$872 Million for COVID Relief Spent on Government Employee Bonuses

Federal funds intended to be used for pandemic relief efforts were used instead to pad the paychecks of government employees from coast to coast.

In San Diego, California, for example, some 9,595 county workers were awarded bonuses funded with more than $27 million in federal COVID aid, according to a Treasury Department program set up to track the $350 billion in pandemic funds distributed to state and local governments as part of the American Rescue Plan. Bonuses of $2,500 were paid to County of San Diego employees working in “detention and medical facilities” and other places where county officials deemed “COVID-19 exposure was more likely.” But employees who faced no heightened risk of job-related exposure were rewarded with $1,500 bonuses as well.

In Lexington, Kentucky, public workers determine to have “held positions and performed duties” that included a “greater risk of contracting COVID-19” were rewarded with $5,000 bonuses, according to the Treasury’s records. In the suburbs of Atlanta, more than 4,400 employees of Gwinnett County, Georgia, received temporary raises ranging from 7.5 percent to 15 percent thanks to more than $11 million in federal COVID aid. And more than $13 million in federal aid flowed to 16,000 employees of Cook County, Illinois, who were awarded bonuses up to $3,000 for the work they performed during the pandemic.

In all, state and local governments have reported spending more than $872 million on so-called “premium pay” for 404,253 of their employees, according to Reason‘s review of the Treasury Department’s data. That’s in addition, of course, to the direct stimulus checks that many of those same workers likely received from the federal government.
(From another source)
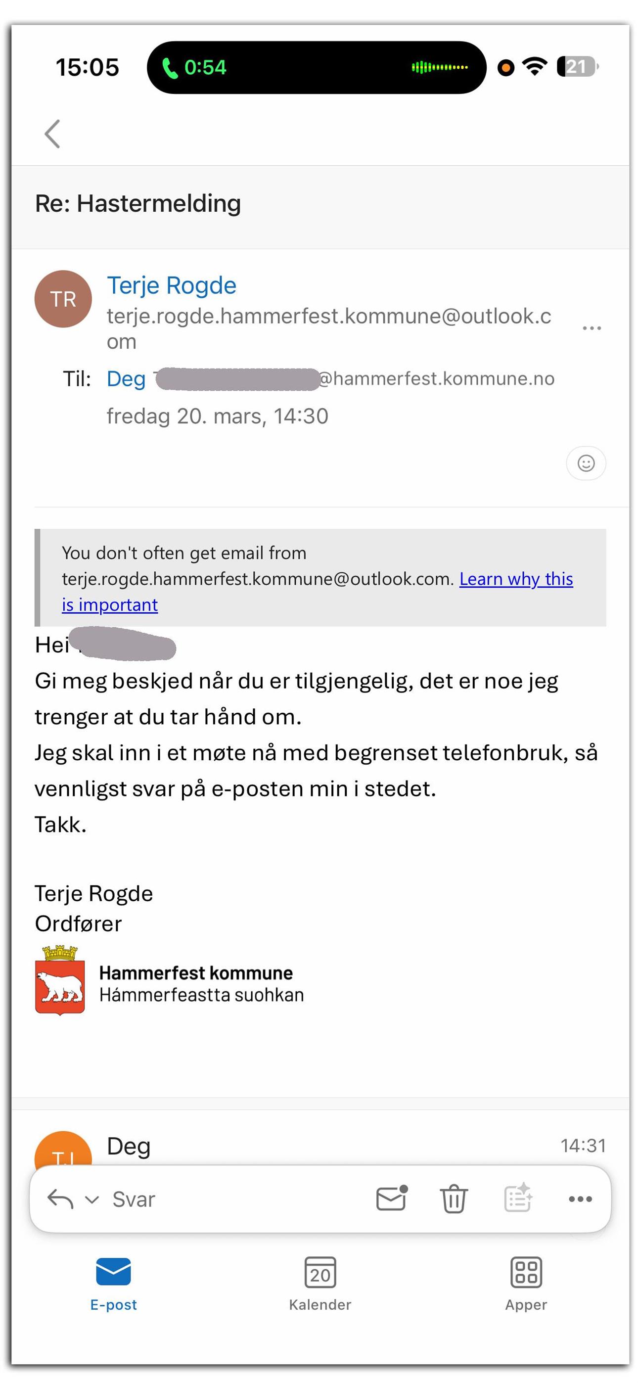 På bildet kan man se at avsenderadressen ikke tilhører Hammerfest kommune. Den korrekte e‑postadressen til ordføreren er en kommunal adresse som slutter på @hammerfest.kommune.no, ikke @outlook.com eller andre domener.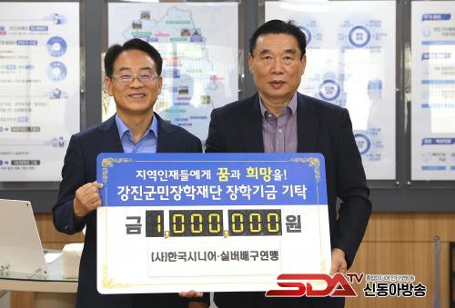 *»çÁø¼³¸í : (»ç)Çѱ¹½Ã´Ï¾î¡¤½Ç¹ö ¹è±¸¿¬¸Í ±è¿ëÅ ȸÀåÀÌ °Áø¿ø ±º¼ö¿¡°Ô ÀåÇбÝÀ» Àü´ÞÇϰí ÀÖ´Ù.

In some cases, it seems like simply showing up to work is the only justification needed. Public workers in Erie County, New York, got more than $3 million in boosted pay because they “continued to report to work in person throughout the worst of the pandemic,” the county reported to the Treasury. “Employees have continued to work through the pandemic,” explains Colombia County, Wisconsin, after it decided to distribute $471,000 in relief funds to 503 employees.

And while the pandemic surely created new stress and problems for many public employees—including the potential of infection—the exact same thing is true for private-sector workers who were not rewarded for simply doing their jobs.

The widespread use of COVID relief funds to line the wallets of public employees should also raise even more questions about whether a federal bailout of state and local governments was necessary. Expected revenue shortfalls in state and local tax coffers never materialized—and many states emerged from the pandemic with surpluses instead.

States have until the end of 2024 to spend the federal aid distributed as part of the American Rescue Plan, so the totals reported so far (the Treasury’s tracker has been updated to include spending through December 31 of last year) could increase.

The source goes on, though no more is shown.